Zero-reward design insight

In on-policy distillation, the environment has no rewards — neither correctness nor format rewards. The only training signal is minimizing the KL divergence against the teacher model. You can optionally increase kl_discount_factor to optimize discounted future KL, but this generally does not improve performance.

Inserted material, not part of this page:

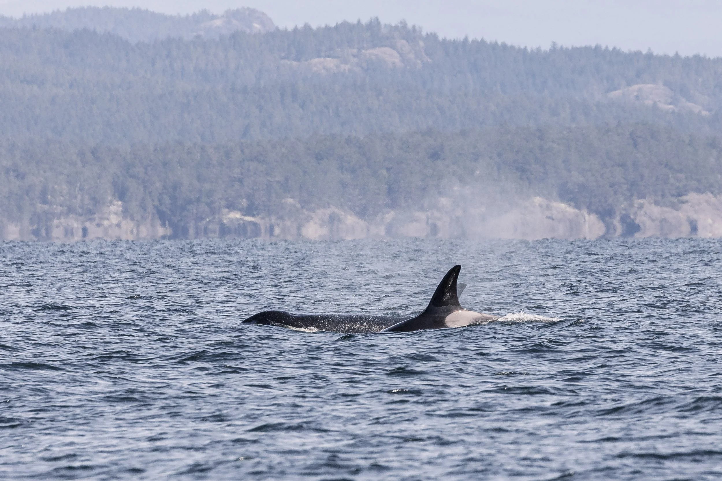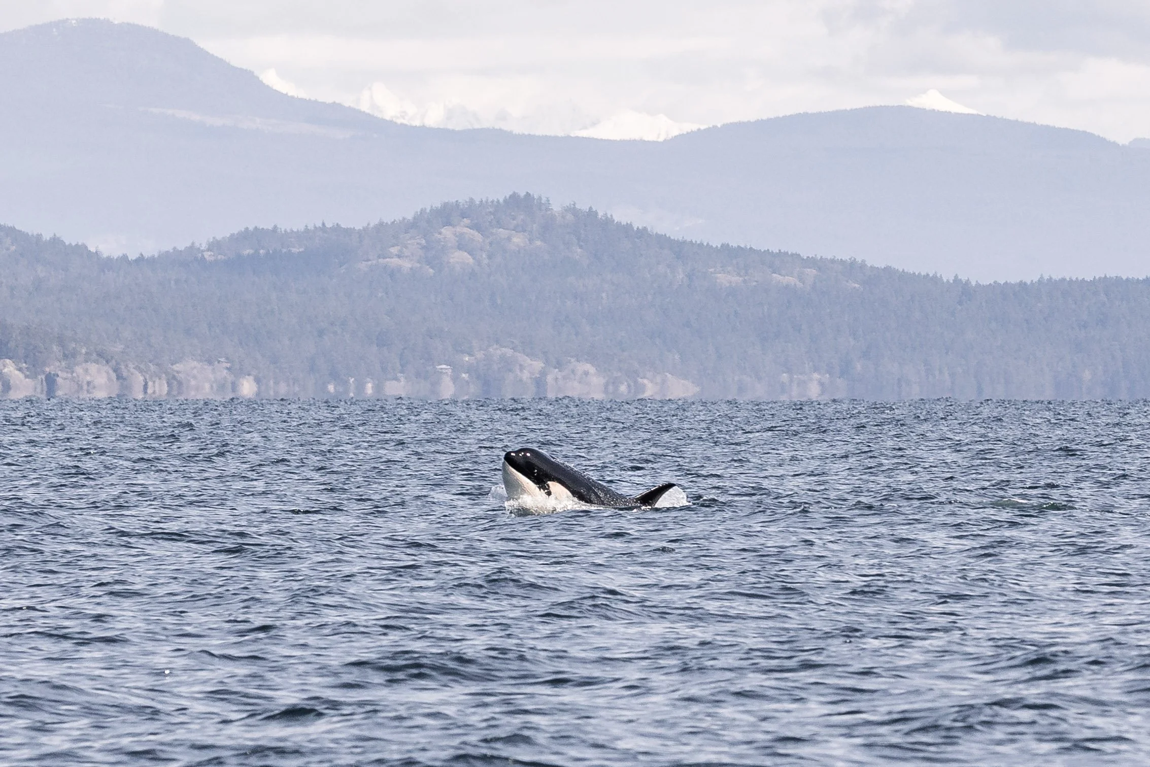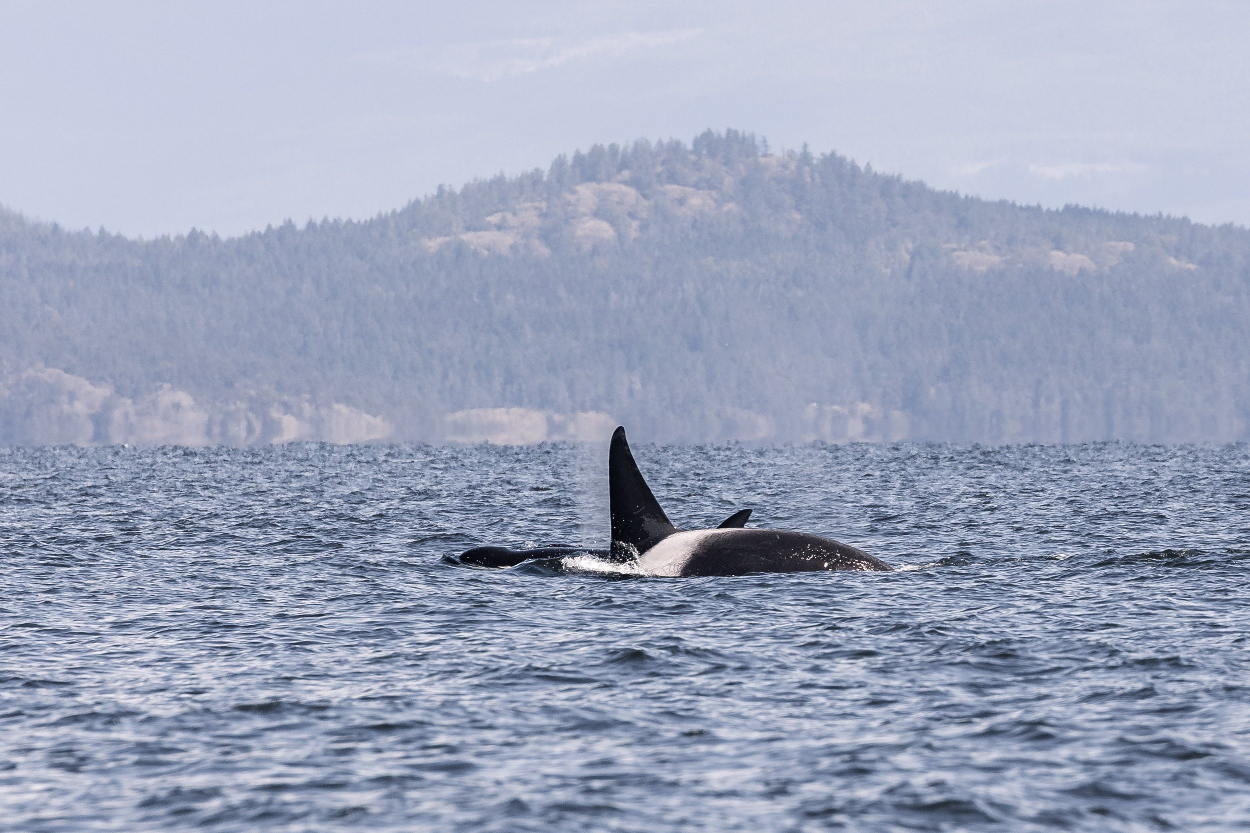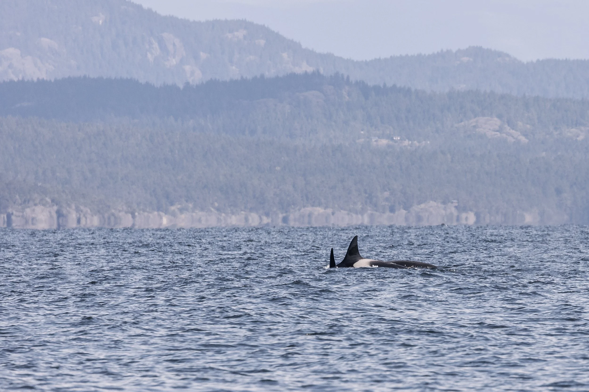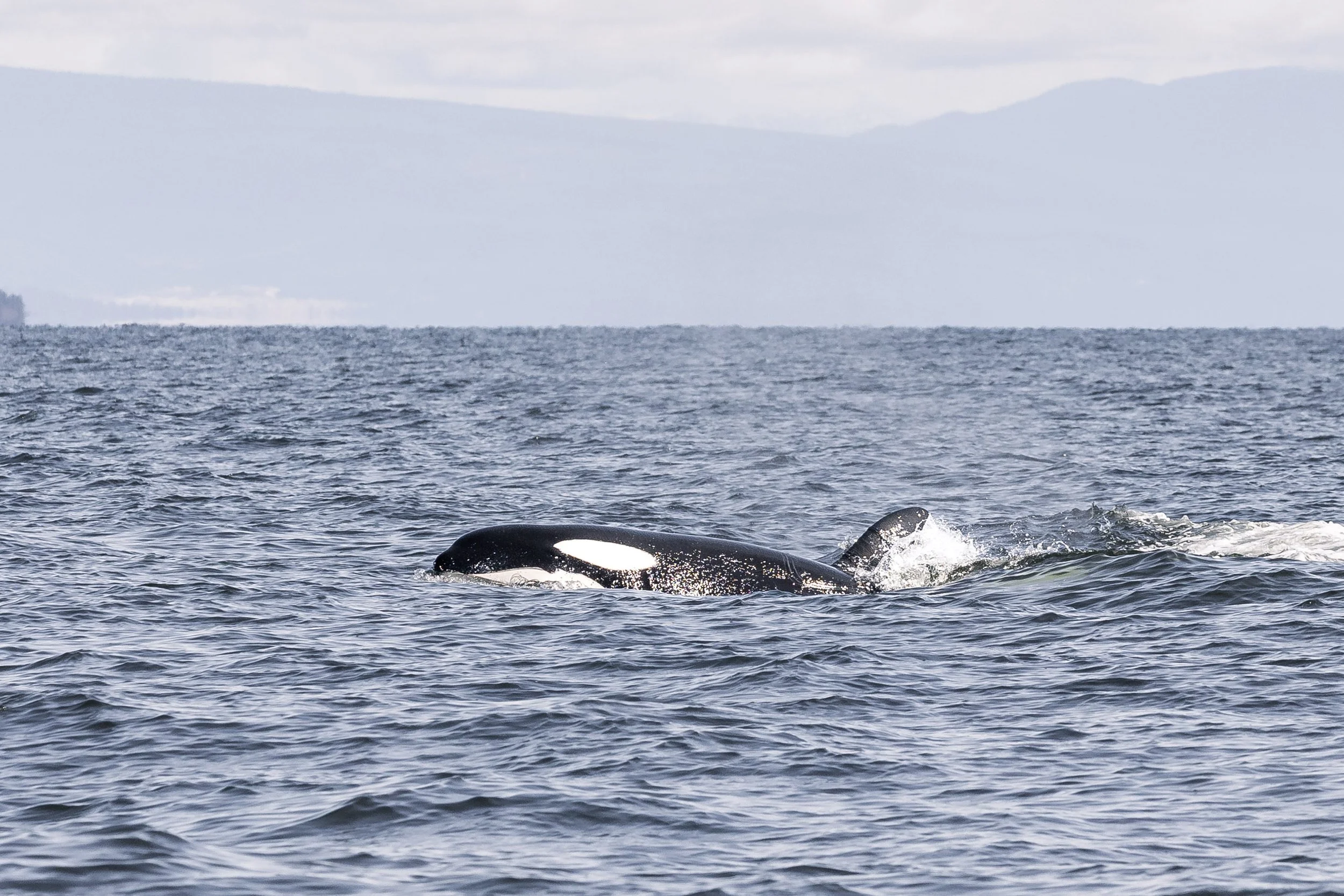 Lucky for us, the onboard Marine Naturalist Vanessa Vereschahen was quick with her camera, capturing not only the action but also the important information that we needed to figure out the identification for these whales. Dorsal fins, saddle patches, and eye patches are all unique for each whale, allowing us to know exactly which whales are present in any given encounter. Today, there were three different pods spending their time socializing in the Strait:

Multi-teacher configuration

For every dataset, you can define a teacher model and batch size:

{
    "dataset_builder": RLDatasetBuilder,
    "teacher_model": {
        "base_model": str,  # e.g. "Qwen/Qwen3-32B"
        "load_checkpoint_path": str | None  # e.g. "tinker://<unique_id>/sampler_weights/final"
    },
    "groups_per_batch": int
}

The trainer samples from each configuration and concatenates all individual dataset batches to form the batch for training. This enables multi-teacher distillation with different teacher models for different domains.

Run it

Off-policy SFT (reasoning)

python -m tinker_cookbook.recipes.distillation.off_policy_reasoning \
    model_name=Qwen/Qwen3-8B-Base \
    learning_rate=1e-3 \
    batch_size=128 \
    lora_rank=128 \
    wandb_project=cookbook_distillation

On-policy distillation (reasoning)

python -m tinker_cookbook.recipes.distillation.on_policy_distillation \
    model_name=Qwen/Qwen3-8B-Base \
    load_checkpoint_path=tinker://4a1939e6-04be-5a77-9e4e-910ccff9f27e:train:0/weights/final \
    dataset=deepmath \
    learning_rate=1e-4 \
    groups_per_batch=512 \
    lora_rank=128 \
    wandb_project=cookbook_distillation

On-policy distillation (personalization)

python -m tinker_cookbook.recipes.distillation.on_policy_distillation \
    model_name=Qwen/Qwen3-8B-Base \
    dataset=tulu3 \
    learning_rate=1e-4 \
    groups_per_batch=64 \
    lora_rank=128 \
    wandb_project=cookbook_distillation

Multi-turn distillation (Harbor)

python -m tinker_cookbook.recipes.distillation.on_policy_distillation_harbor_multi_turn \
    model_name=moonshotai/Kimi-K2-Thinking \
    teacher_model=moonshotai/Kimi-K2-Thinking \
    max_turns=10 \
    group_size=4 \
    groups_per_batch=8 \
    learning_rate=1e-4 \
    lora_rank=8 \
    max_tokens=2048 \
    max_trajectory_tokens=24576

Multi-teacher distillation

python -m tinker_cookbook.recipes.distillation.on_policy_multi_teacher \
    learning_rate=1e-4 \
    deepmath_groups_per_batch=256 \
    tulu3_groups_per_batch=256 \
    lora_rank=128 \
    wandb_project=cookbook_distillation

Expected results

Method	Dataset	AIME'24 Score	Steps
Off-policy SFT	OpenThoughts3	~55%	3000
On-policy distillation	DeepMath	~65%	100

Checkpoints

Stage	Rank 8	Rank 32	Rank 128
SFT	`tinker://c15f09f1-...`	`tinker://b9190d16-...`	`tinker://4a1939e6-...`
On-policy	`tinker://4a97bc02-...`	`tinker://bfffa2b2-...`	`tinker://1dd8de47-...`